Marc Brown
Co-founder, MedPharm
Marc Brown co-founded MedPharm in August 1999, was CSO until 2020, Board Director until 2024, and he remains Chair of MedPharm’s Scientific Advisory Committee. Brown was instrumental in establishing MedPharm’s principles and ethos, and has been a guiding force behind many of its scientific developments, innovations, and intellectual property. To date, he has been involved in the pharmaceutical development of over 60 locally applied medicinal products that are on the market in Europe, America, and Japan. He also acts as CSO to Mosanna Therapeutics AG, supporting the development of sleep apnoea medicine. Whilst advising numerous pharmaceutical companies as an expert witness in patent disputes, Brown’s academic history ranges from the Pharmacy Departments at King’s College London and the University of Hertfordshire, to visiting/honorary professorships at the Universities of Reading, Hertfordshire, and King’s College London. He was awarded the status of Professor Emeritus in 2022 and has co-supervised over 50 PhD students to success, while co-authoring two books, more than 200 publications, 30 book chapters, and 26 patents describing his research interests, which lie mainly in drug delivery to the skin, nails, eyes, and airways.
We asked…
What is the most exciting development or emerging trend in pharma manufacturing today?
Up until five years ago, I would have strongly argued that Alexander Fleming’s 1928 serendipitous discovery that a mold on a Petri dish of Staphylococcus bacteria was producing a self-defense chemical (he named Penicillin) that was preventing growth of the bacteria was the biggest breakthrough for the pharma industry. It is estimated that penicillin alone has saved around 200 million lives, not including the influence of its discovery on the development of other antibiotics.
However, a more recent breakthrough discovery was the development of mRNA vaccines. After decades of research, rather ironically, the COVID-19 pandemic accelerated the validation of the use of mRNA in the form of vaccines for the treatment of infectious diseases, which has enormous potential. The requirements for light-speed research strengthened interactions among the pharma industry, service providers, logistics, governments, and regulatory authorities. This resulted in the acceleration of marketing authorizations for COVID-19 vaccines, increased knowledge of disease mechanisms, and the potential development of new mRNA-based therapies for infectious diseases, cancer immunotherapies, therapeutic protein replacement therapies, and genetic disease treatment. However, mRNA delivery itself still poses multiple challenges with regard to developing the optimal formulation/delivery system for tissue targeting, cellular uptake and ultimately, the product’s pharmacokinetic and pharmacodynamic performance. We still have a lot to learn.
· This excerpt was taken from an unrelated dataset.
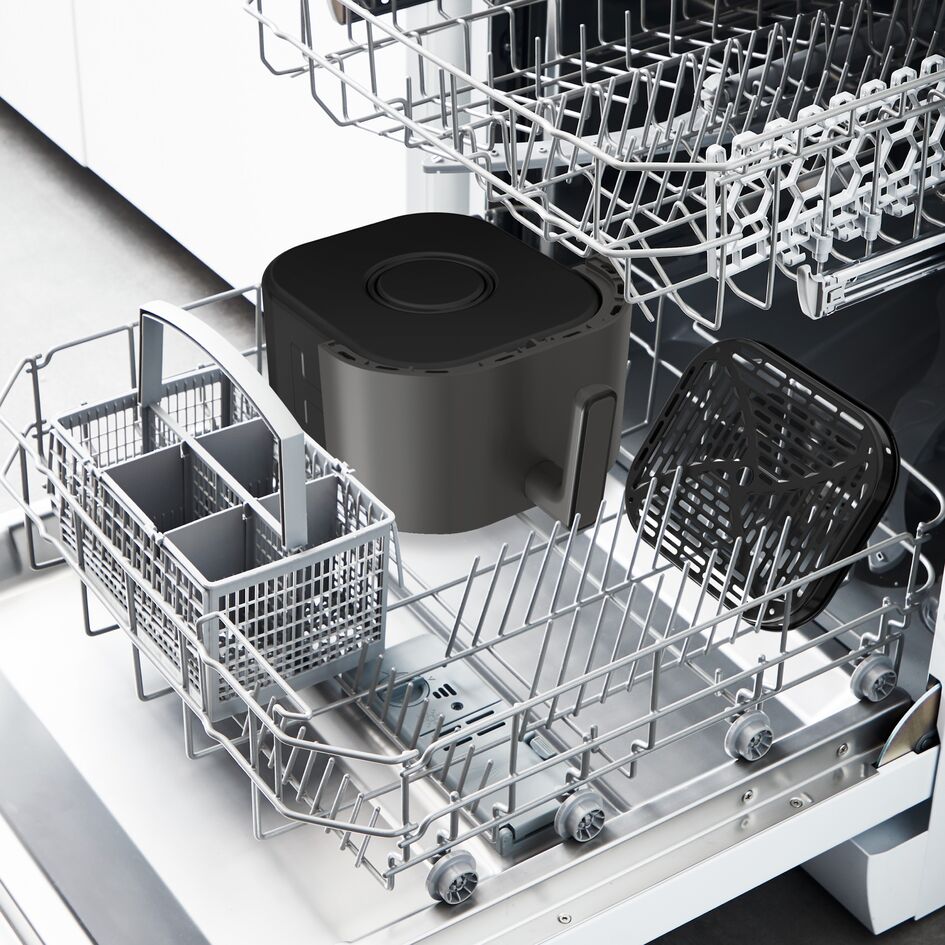 Корзину с антипригарным покрытием можно мыть в посудомоечной машине – меньше хлопот после приготовления.

For the future beyond mRNA, the CRISPR genome editing technology is a favorite to be the next best thing. With its pinpoint accuracy and relatively low production costs, CRISPR is an equally exciting development with an application to any disease involving genes: from repairing genetic disorders like sickle cell anemia or hemophilia to the fights against cancer, HIV, and heart disease. Ultimately, if the formulation and delivery challenges can be solved and funding allows for their use, personalized medicine is as close as it has ever been to be the next biggest breakthrough.
What is your most controversial opinion about the field?
As knowledge in molecular biology and genetics grows, the biopharma potential market increases, but so does that for small molecule drugs because of the discovery of new “druggable targets.” I would argue that these two pathways need each other to maintain their growth in the future.
However, a more fundamental challenge to the pharma industry is the drive to improve upon or make good products that have long been on the market. As the industry has grown, its understanding has concomitantly improved – and the lack of safety and optimization of such medicines is focusing minds. Historically used excipients are now classed as unsafe and so the development of 505b2/hybrid generic applications (same drug, strength and route, different composition and equivalent or improved efficacy and safety) are becoming more prevalent; regulators need to encourage such developments rather than asking a compositionally equivalent generic medicines that would never be approved nowadays.